Trump strikes again

Trump strikes again

It’s not often that the name of John Pershing is heard in contemporary politics, but the long-dead soldier has been reported on heavily in the last few days.

Nevada’s Pershing County was named for him in 1919, when he was riding high after World War I, during which he commanded the U.S. Allied Expeditionary Force, and he was being mentioned as a Republican presidential candidate. In 1922, Pershing recommended routes to Congress for highways around the U.S., with his Nevada route coming close to the current configuration of Interstate 80.

The new dispute around Pershing originated, to no one’s surprise, with Donald Trump. On Aug. 17, following the Barcelona attack, Trump tweeted this message: “Study what General Pershing of the United States did to terrorists when caught. There was no more Radical Islamic Terror for 35 years!”

This referenced his earlier, Feb. 19, 2016 claim in North Charleston, S.C., which went like this: “They were having terrorism problems, just like we do. And he caught 50 terrorists who did tremendous damage and killed many people. And he took the 50 terrorists, and he took 50 men and he dipped 50 bullets in pigs’ blood—you heard that, right? … And he had his men load his rifles, and he lined up the 50 people, and they shot 49 of those people. And the 50th person, he said: You go back to your people, and you tell them what happened. And for 25 years, there wasn’t a problem.”

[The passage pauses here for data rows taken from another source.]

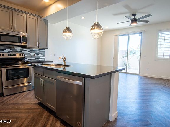 Modern 3-bed, 2.5-bath end-unit townhome for rent in North Tempe! Open floorplan with NEW luxury laminate flooring, granite counters, stainless steel appliances, and a private patio. Second floor is home to the two guest bedrooms, full guest bathroom and the laundry room . The entire third floor is dedicated to the primary bedroom with a private balcony, dual vanities, and walk-in closet. Includes 1-car garage + 2 covered parking spaces. Community offers a pool, BBQ area, and picnic space. Prime location near ASU, Tempe Town Lake, Papago Park, and easy 202 access. Old Town Scottsdale and Phoenix Sky Harbor are both 10 minutes in proximity.
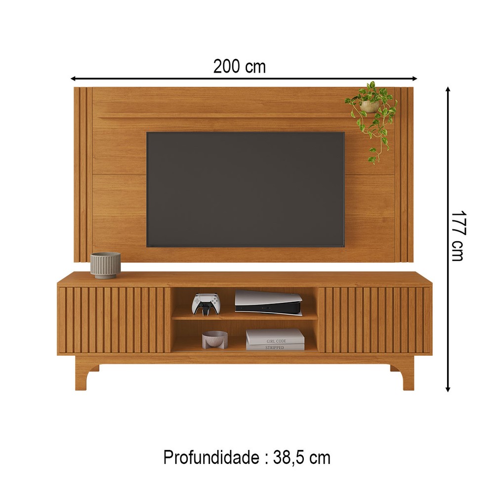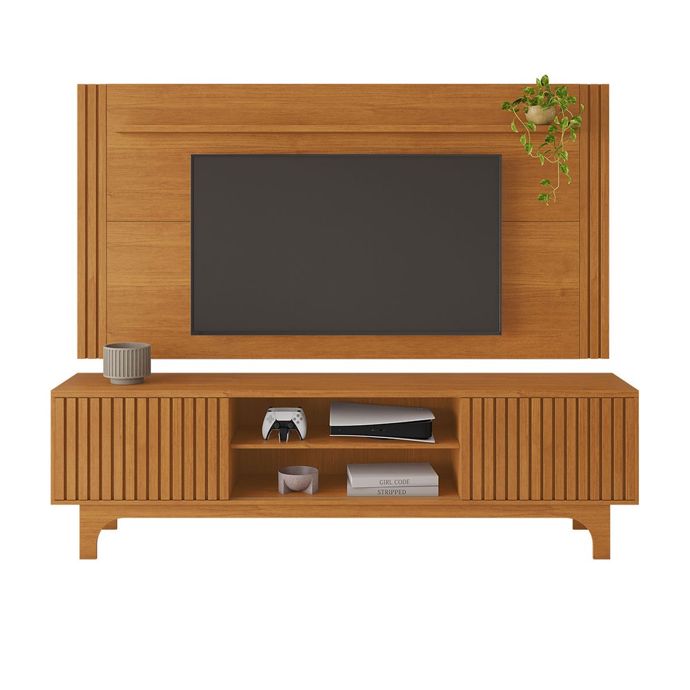 Sala de Estar Completa para TV Até 70 Polegadas Pier com Led 2 Portas 1 Prateleira Cinamomo - Pnr Móveis
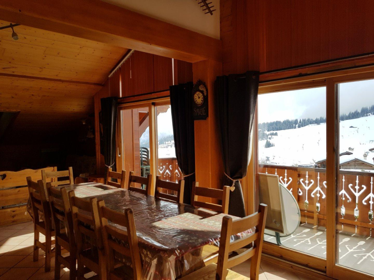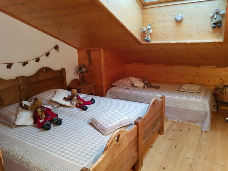 Appartement op de 1e verdieping van een klein chalet met 3 appartementen. Groot balkon op het zuiden, vrij uitzicht op Bisanne en Pierra Menta. Aan de rand van de piste, naast de skischool en het sportcentrum. Zorgvuldig ingericht in bergstijl. 5 slaapkamers, 2 badkamers en 2 aparte toiletten. Ideaal voor 11 personen, 2 skilockers, 2 overdekte parkeerplaatsen en 1 privéparkeerplaats boven het hoofd.
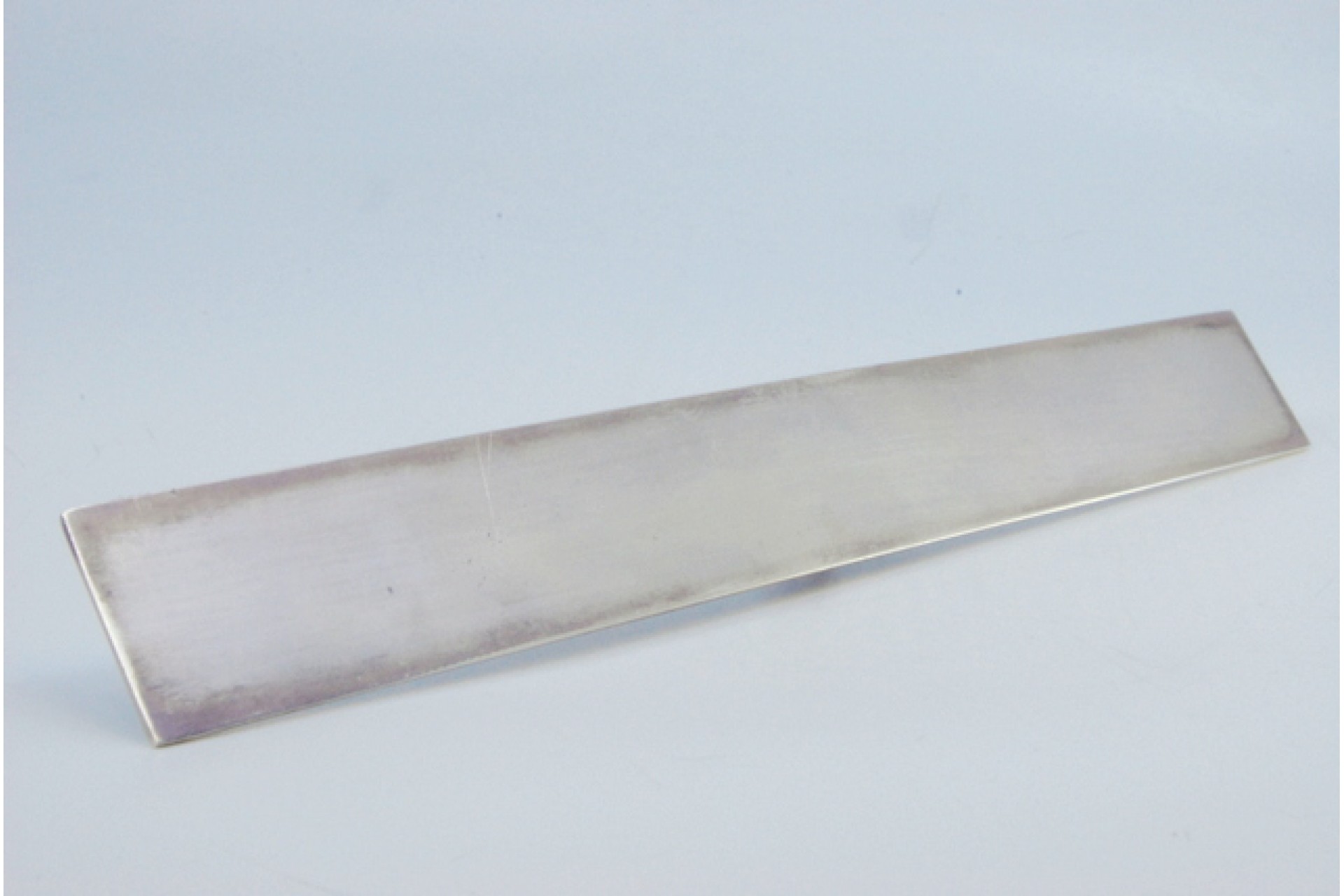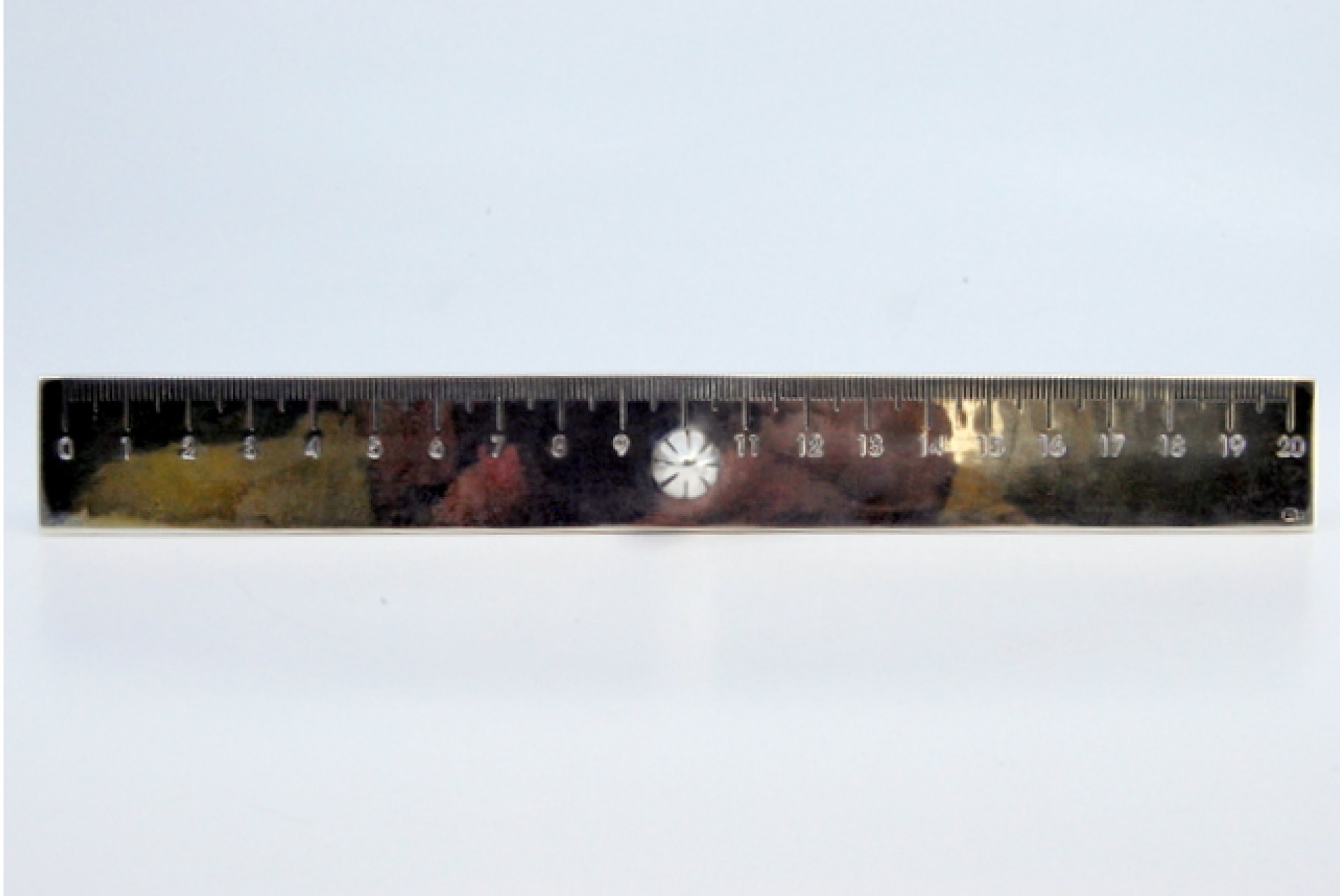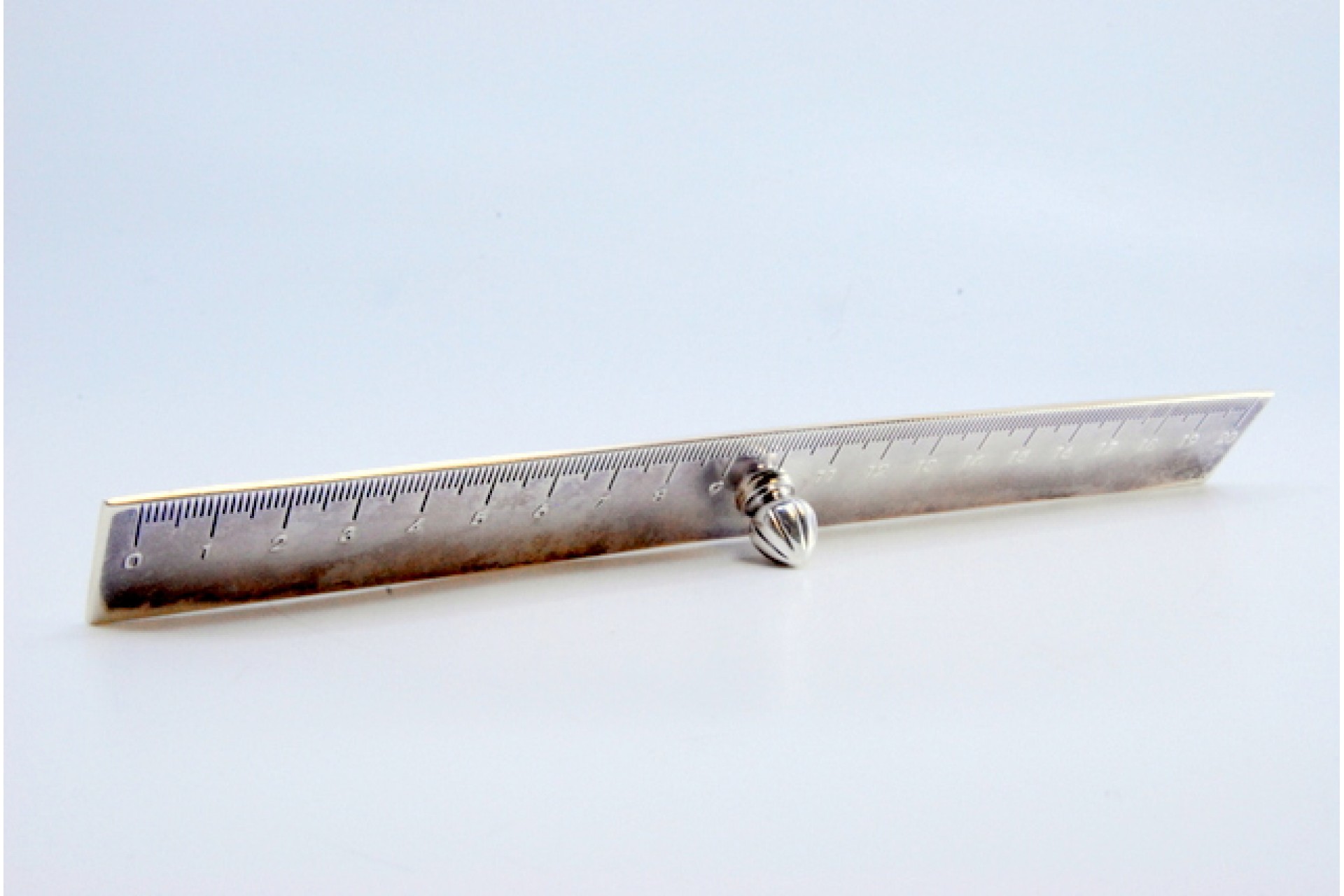Régua de escala em prata de vinte centímetros com pomo ao centro.
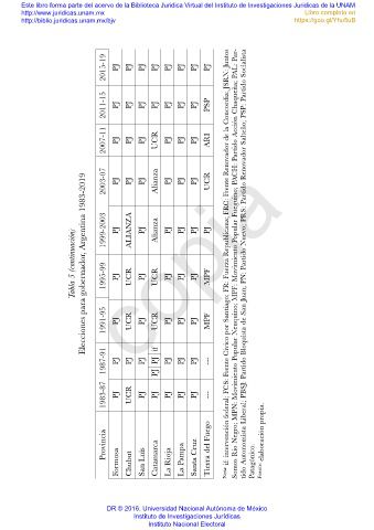 Tabla 5 (continuación) Elecciones para gobernador, Argentina 1983-2019 1999-2003 1995-99 PJ PJ PJcopia Nota: if: intervención federal; FCS: Frente Cívico por Santiago; FR: Fuerza Republicana; FRC: Frente Renovador de la Concordia; JSRN: Juntos Somos Río Negro; MPN: Movimiento Popular Neuquino; MPF: Movimiento Popular Fueguino; PACH: Part
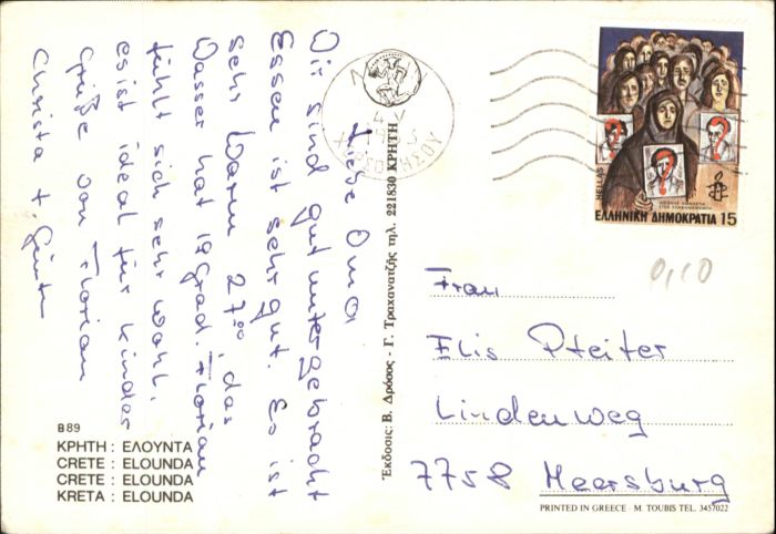 old postcard Elounda Crete Kreta postalisch gelaufen

It’s hard to know where to start with this. Trump was describing the Philippine uprising against the United States, which invaded under the pretense of liberating that nation from Spain and then refused to leave, later purchasing the Phillipines from Spain for $20 million and colonizing it. Then there is Trump’s description of Filipino patriots as terrorists. But most of all, Pershing did not commit the atrocity Trump describes. These stories appeared many years later and historians consider them false. Trump probably knew it was false in his latest usage, because his earlier usage was corrected by Politifact and Snopes in 2016.

There are some other marks on Pershing’s career—in World War I when African Americans joined European armies to avoid the racism of U.S. forces, he warned French officials that blacks were “given to the loathsome vice of criminally assaulting women,” a claim the French ignored except to avoid inflaming U.S. soldiers by praising blacks’ performance.